So the key point of this controversy has been that no lipid lowering drug has ever reduced CVD (usually measured as a composite endpoint*) in a large study, with the exception of statins. This means it would be conceivable that some other effect of statins is responsible for their protective effects, the so called pleiotropic effects of statins.
The controversy can be put to rest given the results of the secondary-prevention study IMPROVE-IT with n ~ 18 000. I will spare you the details and just link to two other reviews instead. (Note, that the arseholes from medscape may require you to register before you can read the summary)
Over a period of 7 years, the addition of ezetimibe to simvastatin 40 mg reduced the primary end point—a composite of cardiovascular death, MI, unstable angina requiring rehospitalization, coronary revascularization, or stroke—by 6.4% when compared with patients who received simvastatin alone (P =0.016). The absolute reduction in risk over 7 years was 2.0%, with 32.7% in the ezetimibe/simvastatin arm experiencing a primary end point compared with 34.7% in the simvastatin arm.

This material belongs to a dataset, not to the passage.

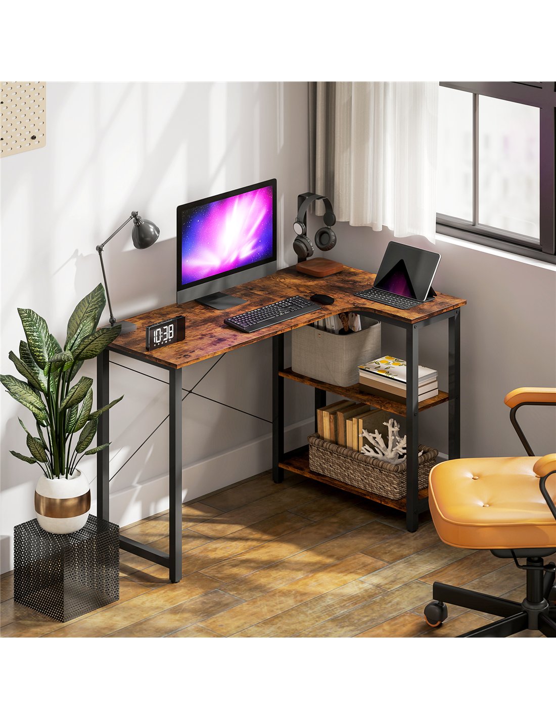 Optimise your workspace with the HOMCOM L Shaped Desk. This corner computer desk incorporates a functional bookshelf, perfect for any home office, study room, or workstation across the UK. It makes full use of often-ignored corner spaces, providing an ample surface for writing, computer work, and other essential activities. The rustic brown finish introduces a stylish element to your room. Your desk features durable particle board with a melamined surface. This ensures a long-lasting and simple-to-clean workspace. A sturdy steel frame includes X-shaped reinforcement poles at the back, confirming a robust structure. Adjustable footpads ensure stable standing and prevent floor scratches. Measuring 120W x 73.2D x 75H cm overall, this desk offers comprehensive storage and work area for your daily needs.

Instead I want to make a few points:
1. Cholesterol was lowered from a very low starting level. LDL-C under a statin was approx. 70 and went down to 53 mg/dl. Obviously, one would expected diminishing returns. It is all the more impressive and a clear win for the "lower is better" hypothesis.

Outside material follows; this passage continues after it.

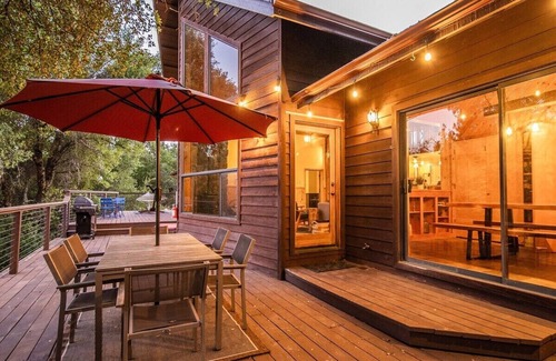 Escape it all with this 14 acre private lake cabin home, located just outside Yosemite. Swim, boat or fish off the dock, go for a nature walk on the property, let the kids play on the swings, gaze at the stars, play disc golf or just relax in the hammock and enjoy the view.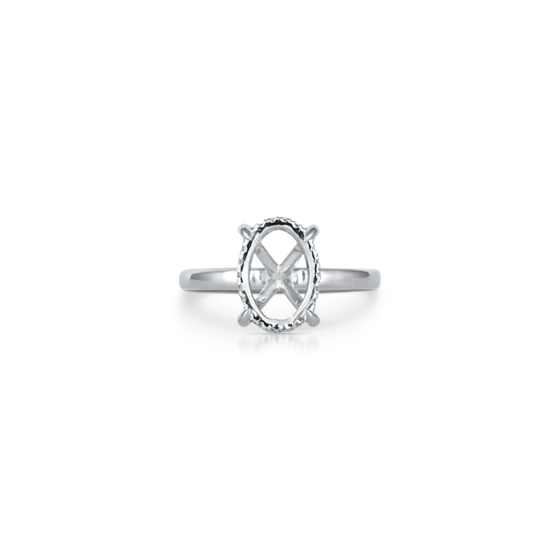 Ladies diamond ring in 14 karat white gold. Set in the hidden halo in the ring are 16 round brilliant cut diamonds with a total weight of 0.08 carat.

2. There was no benefit on all-cause mortality. This could easily be due to low statistical power. The result on the composite endpoint is driven by changes in hard outcomes, MI, ischemic stroke; and stroke (the only one at p > 0.05 with a p = 0.052). I find it hard to believe, very, very hard to believe that hard endpoints won't translate to reduced death rates.

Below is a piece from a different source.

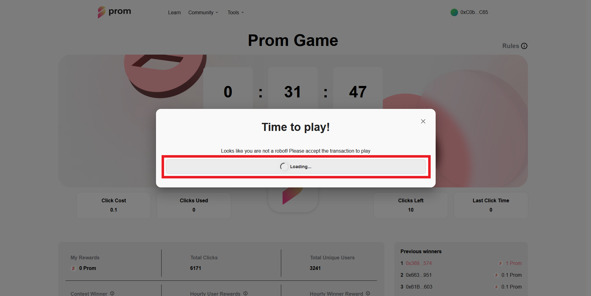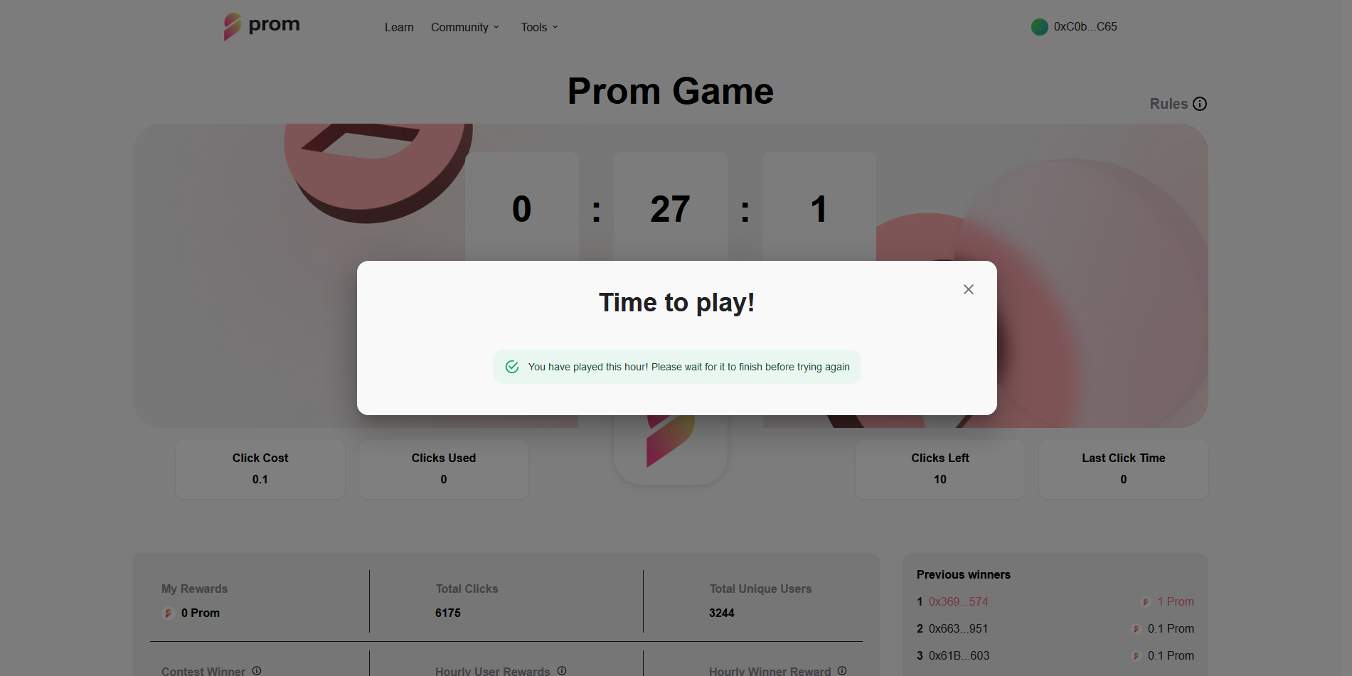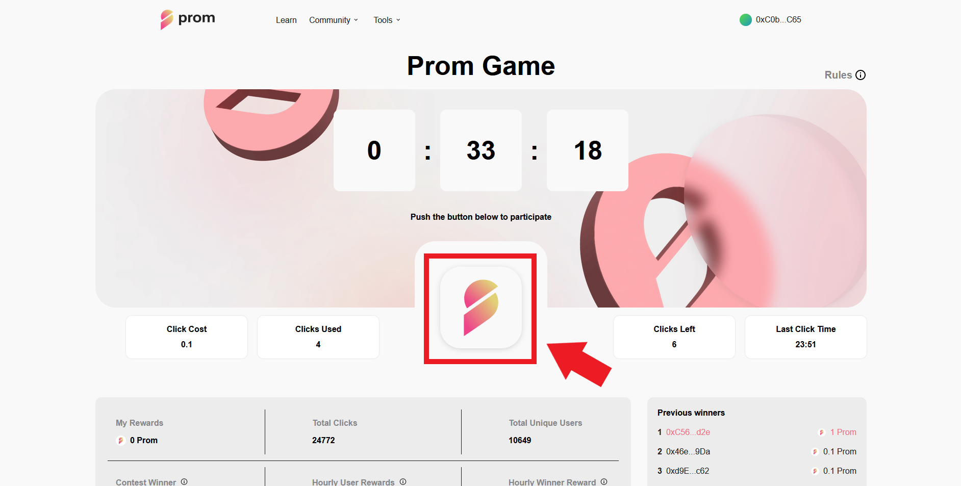 You should see some $PROM tokens in your wallet shortly. Let's test the "Button Game".

As always, we'll see what we can get from secondary analyses, e.g. regarding cancer.
3. This study can be regarded as the death of the contrarian hypothesis (the claim that cholesterol is neutral, perhaps even healthy).
1. I notice that I cannot find a coherent write-up of this issue. For now, I'll link to a discussion I had a while ago about cholesterol and cancer risk
*Come to think of it, this seems like sloppy wording on my part. The gist of the argument is that most of the drugs barely affected the "hardest" endpoints, if they had any effect at all. From soft to hard: myocardial infarct - composite CVD - CVD mortality - all-cause mortality.